1

If I make analogy to Oracle database : they have the notion of "index" and "hint" to speed the execution of a query. So I want to make the analogy to Java : is it possible to make the execution of the "contains" method of a collection to be quick ?

pheromix
  • 18,213
  • 29
  • 88
  • 158

2 Answers2

4

is it possible to make the execution of the "contains" method of a collection to be quick ?

Yes, use a collection with a faster contains method.

e.g.

HashSet -> O(1)
SortedSet -> O(ln N)
List -> O(N)

The big-O time complexity indicates how the worst case time for an operation as the size of the collection grows. Lower time complexity is faster for modest to large collections.

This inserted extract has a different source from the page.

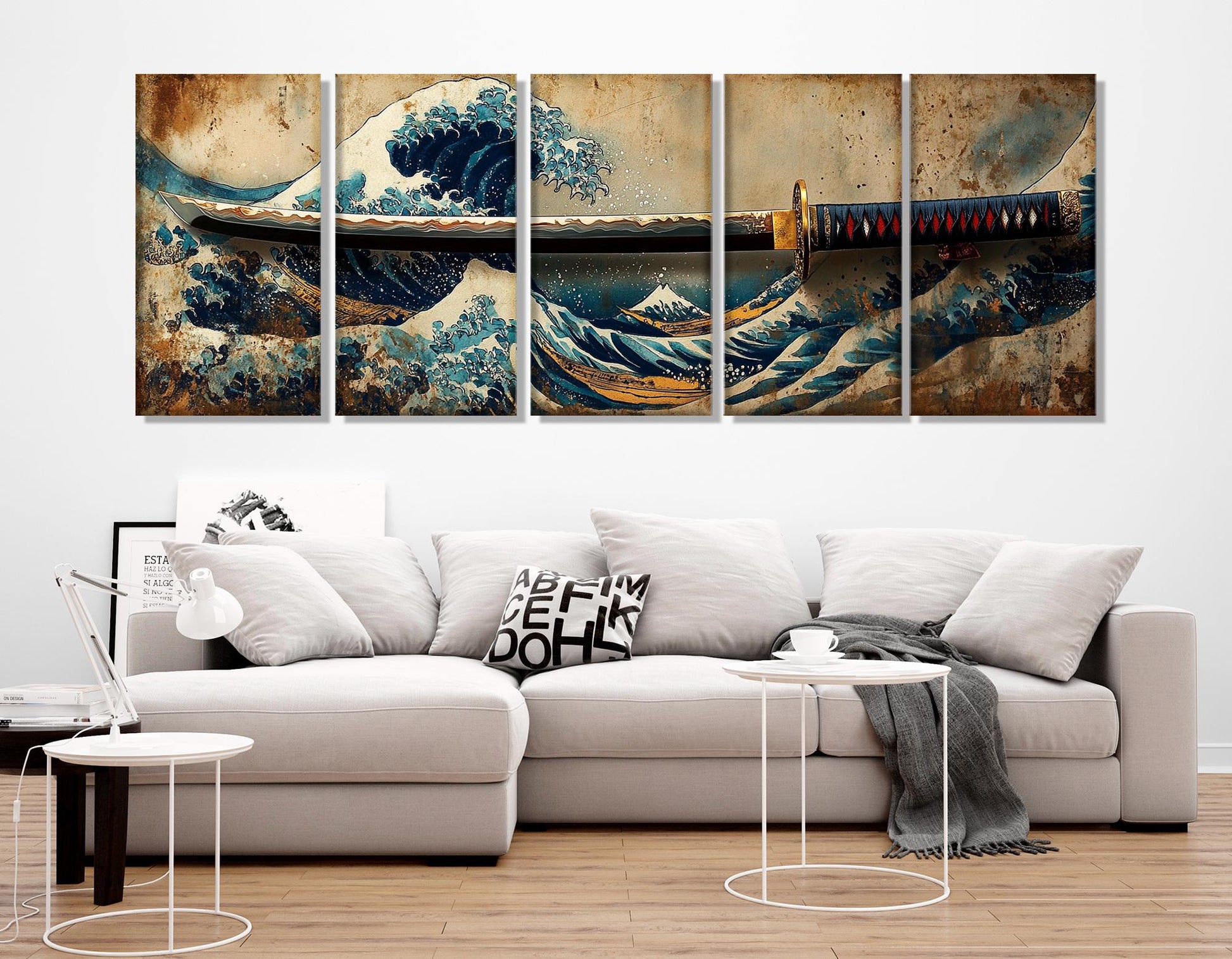 This Scenic Japanese Wall Art features a striking samurai sword canvas alongside the iconic Great Wave print, delivering vintage Japanese painting aesthetics that transform any space with traditional Japan art. Crafted on premium 350 gr/m2 100% cotton canvas, this framed canvas art comes ready to hang and offers a lifetime guarantee for indoor use. The Japanese wall art uses solvent-free HP Latex inks certified by UL ECOLOGO® and GREENGUARD GOLD, ensuring vibrant, eco-friendly colors that last.

Note: this only tells you how the collection scales. If the collection is very small like 1 or 2, then a List might be the fastest.

The Big-O notation is well explained What is a plain English explanation of "Big O" notation?

Peter Lawrey
  • 525,659
  • 79
  • 751
  • 1,130
1

It depends on what do you want to do with that collection. These are the standard options:

  1. If the order of insertion doesn't matter, then you can use a HashSet. Once you have this Set set up, the contains() method will run in O(constant) time.
  2. Alternatively, you can use a LinkedHashSet. It is almost the same as the HashSet, but it maintains a LinkedList on the top of the Set so you can maintain the order of original insertion.
  3. If you want to maintain the natural ordering of your items, you can use a TreeSet. Its contains() method will return in O(log n) time which is still fairly quick.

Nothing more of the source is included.